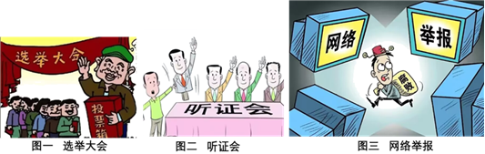 16.(1)图一:民主选举;图二:民主决策;图三:民主监督。
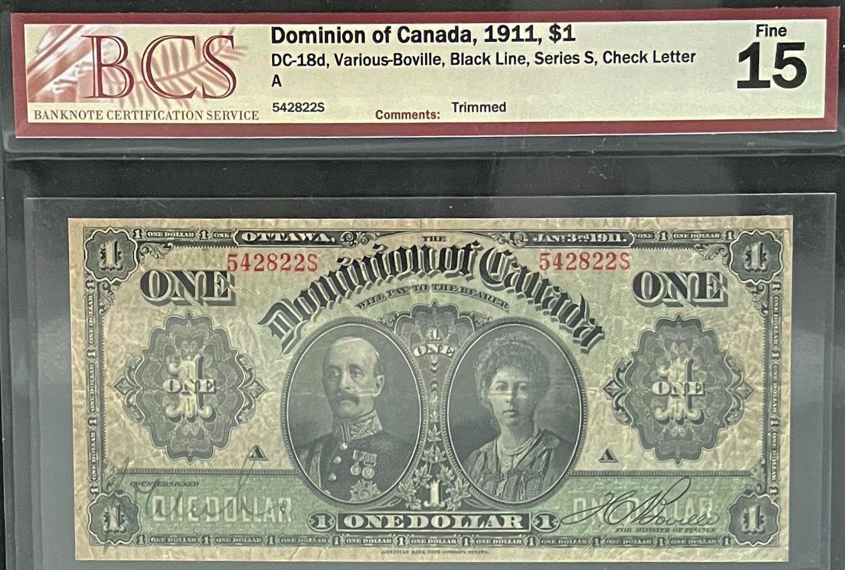 1911 $1 DC-18d #542822S BCS F15, trimmed. A bright example.
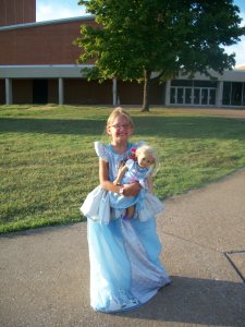 As part of Ally’s Birthday we got tickets to a performance of Roger and Hammerstein’s Cinderella. Grandma, Aunt Linda, and the cousins, all went. We had dinner at Panera. When we got to the theater Ally dressed up in her Cinderella Dress.

TASK INSTRUCTIONS
Please print the data above in its entirety, exactly, but without any picture.

THE COMPLETED TASK
 16.(1)图一:民主选举;图二:民主决策;图三:民主监督。
 1911 $1 DC-18d #542822S BCS F15, trimmed. A bright example.
 As part of Ally’s Birthday we got tickets to a performance of Roger and Hammerstein’s Cinderella. Grandma, Aunt Linda, and the cousins, all went. We had dinner at Panera. When we got to the theater Ally dressed up in her Cinderella Dress.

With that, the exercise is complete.